Describe the issue in more detail.

- Set "wal_level" to "logical"
- Add "REPLICATION" permission to the database user
- Create "bemi" publication

Neon

Connection

To connect a Neon database, specify your database credentials that can be found on the project's dashboard:

  • Please use the Host name without enabled "Pooled connection"

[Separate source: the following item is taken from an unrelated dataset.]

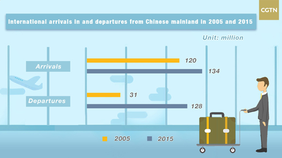 While the number of outbound departures from the Chinese mainland swelled up 312.9 percent from 2005 to 2015, the inbound tourists only increased 11.2 percent from 2005 to 2015, far lower than the average 81.3 percent in the Asian-Pacific region and also less than the 38.9 percent for developed countries and 57.2 percent for emerging economies.

And that's it, everything should just work!

Read-only credentials

Alternatively, you can manually create read-only PostgreSQL database credentials to connect to the primary instance's WAL. At a high level, you need to run these commands that are safe to execute without any downtime or performance issues:

  • CREATE ROLE creates a new read-only user for Bemi to read database changes.
  • CREATE PUBLICATION creates a "channel" that we'll subscribe to and track changes in real-time.
  • REPLICA IDENTITY FULL enhances records stored in WAL to record the previous state (“before”) in addition to the tracked by default new state (“after”).
-- Create read-only user with REPLICATION permission
CREATE ROLE [username] WITH LOGIN NOSUPERUSER NOCREATEDB NOCREATEROLE REPLICATION PASSWORD '[password]';
-- Grant SELECT access to tables for selective tracking
GRANT SELECT ON ALL TABLES IN SCHEMA public TO [username];
-- Grant SELECT access to new tables created in the future for selective tracking
ALTER DEFAULT PRIVILEGES IN SCHEMA public GRANT SELECT ON TABLES TO [username];

-- Create "bemi" PUBLICATION to enable logical replication
CREATE PUBLICATION bemi FOR ALL TABLES;

-- Create a procedure to set REPLICA IDENTITY FULL for tables to track the "before" state on DB row changes
CREATE OR REPLACE PROCEDURE _bemi_set_replica_identity() AS $$ DECLARE current_tablename TEXT;
BEGIN
FOR current_tablename IN SELECT tablename FROM pg_tables LEFT JOIN pg_class ON relname = tablename WHERE schemaname = 'public' AND relreplident != 'f' LOOP
EXECUTE format('ALTER TABLE %I REPLICA IDENTITY FULL', current_tablename);
END LOOP;
END $$ LANGUAGE plpgsql;
-- Call the created procedure
CALL _bemi_set_replica_identity();

WAL level

If you have access to Neon's Logical Replication Beta program, you can set WAL level to logical by enabling the feature in your Project settings.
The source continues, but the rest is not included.